Expression contexts
You cannot use an expression anywhere. An expression needs a context, the available contexts are:
- selection:
df.select([..])
- groupy aggregation:
df.groupby(..).agg([..])
- hstack/ add columns:
df.with_columns([..])
Syntactic sugar
The reason for such a context, is that you actually are using the Polars lazy API, even if you use it in eager. For instance this snippet:
df.groupby("foo").agg([pl.col("bar").sum()])
actually desugars to:
(df.lazy().groupby("foo").agg([pl.col("bar").sum()])).collect()
This allows Polars to push the expression into the query engine, do optimizations, and cache intermediate results.
Select context
In the select
context the selection applies expressions over columns.

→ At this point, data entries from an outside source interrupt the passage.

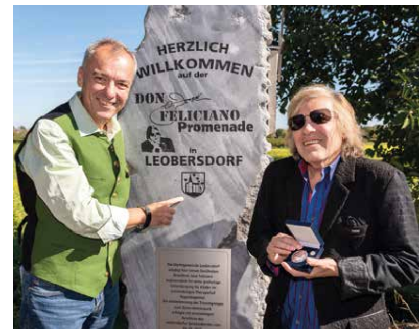
José Feliciano took part in the opening ceremony for his walkway.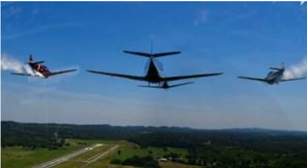
Two really nice 2018 formation shots

I can't tell you how impressed people are when they ride along and see how well we do with so little verbal communication. So, keep practicing those hand signals. Make the Swift community and FAST proud...stay proficient and don't forget the all important briefings.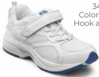
3440 Color: White Hook and Look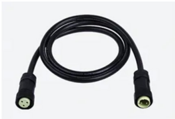
LC (Link Cable)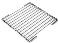
Extra grill [GMH150]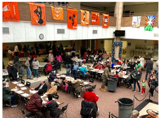
A view of the Christmas event in full swing.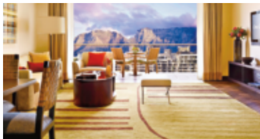
Clockwise from top: The Victoria and Alfred Waterfront, Africa Nova, Delaire, The Old Biscuit Mill, and One&Only Cape Town.

STAY The One&Only Cape Town embodies all the glamour you've come to expect of the jet-set resorts: a tony Victoria and Alfred Waterfront address, sleek Adam Tihany-designed interiors, and a spa on its own island - not to mention Table Mountain views from all 131 rooms (doubles from $881, including breakfast and a 50-minute spa treatment). The recently renovated Cape Grace features 121 charming waterfront rooms with handpainted fabrics and artisan glass- and metalwork (doubles from $736, including breakfast, a bottle of wine, and a 30-minute massage). The Ellerman House also promotes all things South Africa - albeit in a more intimate setting overlooking Bantry Bay. Staying at the stylish 13-room mansion is like staying with a well-heeled relative: Guests have full run of the house, whether they want to raid the larder at midnight or stroll through the gardens (doubles from $521, including breakfast and a bottle of Champagne).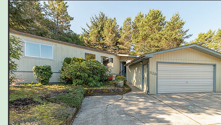
1601-529 Rhododendron Dr – A fully furnished gem in Greentrees Village. The home features a secluded backyard area that buffers up against the hillside, giving you privacy just minutes from the beach. Make this your forever home or your coastal escape. $295,000. #3184-21619735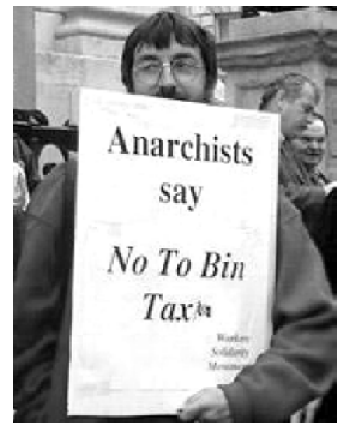
A funny way to 'infiltrate'

Wouldn't it be great if the Sindo's 'far left scare' backfired. If rather than scaring the tens of thousands involved in the anti bin tax campaign it meant they said 'maybe we should check out this crowd that are giving O'Reilly sleepless nights. Maybe its time to wake up, have a look around and get organised.'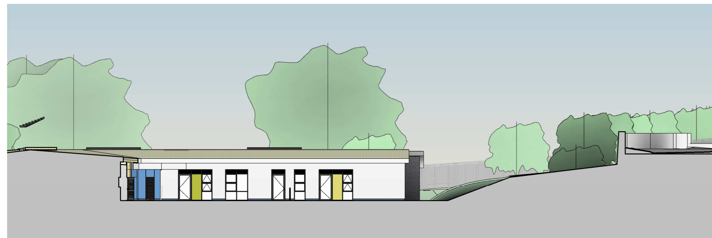
4 | EAST ELEVATION - CLASSROOMS SCALE: 1 : 200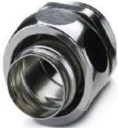
Cable gland made from brass with Pg thread, IP40 protection

Please be informed that the data shown in this PDF Document is generated from our Online Catalog. Please find the complete data in the user's documentation. Our General Terms of Use for Downloads are valid ( http://phoenixcontact.com/download )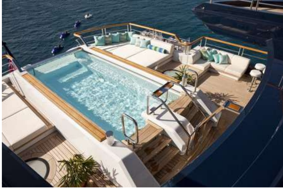
Bridge deck Pool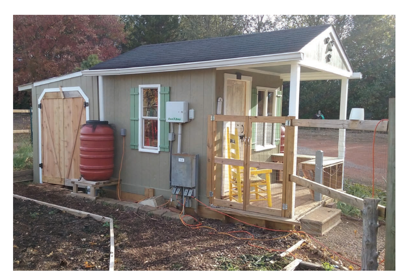
DVG Shed with new on-porch seating.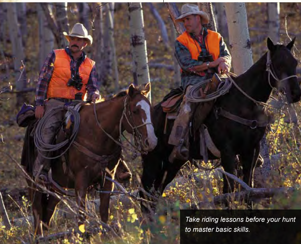
Take riding lessons before your hunt to master basic skills.

The expressions in this context must produce Series
that are all
the same length or have a length of 1
.
A Series
of a length of 1
will be broadcasted to match the height of the DataFrame
.
Note that a select
may produce new columns that are aggregations, combinations of expressions, or literals.
Selection context
out = df.select(
[
pl.sum("nrs"),
pl.col("names").sort(),
pl.col("names").first().alias("first name"),
(pl.mean("nrs") * 10).alias("10xnrs"),
]
)
print(out)
shape: (5, 4)
┌─────┬───────┬────────────┬────────┐
│ nrs ┆ names ┆ first name ┆ 10xnrs │
│ --- ┆ --- ┆ --- ┆ --- │
│ i64 ┆ str ┆ str ┆ f64 │
╞═════╪═══════╪════════════╪════════╡
│ 11 ┆ null ┆ foo ┆ 27.5 │
├╌╌╌╌╌┼╌╌╌╌╌╌╌┼╌╌╌╌╌╌╌╌╌╌╌╌┼╌╌╌╌╌╌╌╌┤
│ 11 ┆ egg ┆ foo ┆ 27.5 │
├╌╌╌╌╌┼╌╌╌╌╌╌╌┼╌╌╌╌╌╌╌╌╌╌╌╌┼╌╌╌╌╌╌╌╌┤
│ 11 ┆ foo ┆ foo ┆ 27.5 │
├╌╌╌╌╌┼╌╌╌╌╌╌╌┼╌╌╌╌╌╌╌╌╌╌╌╌┼╌╌╌╌╌╌╌╌┤
│ 11 ┆ ham ┆ foo ┆ 27.5 │
├╌╌╌╌╌┼╌╌╌╌╌╌╌┼╌╌╌╌╌╌╌╌╌╌╌╌┼╌╌╌╌╌╌╌╌┤
│ 11 ┆ spam ┆ foo ┆ 27.5 │
└─────┴───────┴────────────┴────────┘
Add columns
Adding columns to a DataFrame
using with_columns
is also the selection
context.
df = df.with_columns(
[
pl.sum("nrs").alias("nrs_sum"),
pl.col("random").count().alias("count"),
]
)
print(out)
shape: (5, 6)
┌──────┬───────┬──────────┬────────┬─────────┬───────┐
│ nrs ┆ names ┆ random ┆ groups ┆ nrs_sum ┆ count │
│ --- ┆ --- ┆ --- ┆ --- ┆ --- ┆ --- │
│ i64 ┆ str ┆ f64 ┆ str ┆ i64 ┆ u32 │
╞══════╪═══════╪══════════╪════════╪═════════╪═══════╡
│ 1 ┆ foo ┆ 0.154163 ┆ A ┆ 11 ┆ 5 │
├╌╌╌╌╌╌┼╌╌╌╌╌╌╌┼╌╌╌╌╌╌╌╌╌╌┼╌╌╌╌╌╌╌╌┼╌╌╌╌╌╌╌╌╌┼╌╌╌╌╌╌╌┤
│ 2 ┆ ham ┆ 0.74 ┆ A ┆ 11 ┆ 5 │
├╌╌╌╌╌╌┼╌╌╌╌╌╌╌┼╌╌╌╌╌╌╌╌╌╌┼╌╌╌╌╌╌╌╌┼╌╌╌╌╌╌╌╌╌┼╌╌╌╌╌╌╌┤
│ 3 ┆ spam ┆ 0.263315 ┆ B ┆ 11 ┆ 5 │
├╌╌╌╌╌╌┼╌╌╌╌╌╌╌┼╌╌╌╌╌╌╌╌╌╌┼╌╌╌╌╌╌╌╌┼╌╌╌╌╌╌╌╌╌┼╌╌╌╌╌╌╌┤
│ null ┆ egg ┆ 0.533739 ┆ C ┆ 11 ┆ 5 │
├╌╌╌╌╌╌┼╌╌╌╌╌╌╌┼╌╌╌╌╌╌╌╌╌╌┼╌╌╌╌╌╌╌╌┼╌╌╌╌╌╌╌╌╌┼╌╌╌╌╌╌╌┤
│ 5 ┆ null ┆ 0.014575 ┆ B ┆ 11 ┆ 5 │
└──────┴───────┴──────────┴────────┴─────────┴───────┘
Groupby context
In the groupby
context expressions work on groups and thus may yield results of any length (a group may have many members).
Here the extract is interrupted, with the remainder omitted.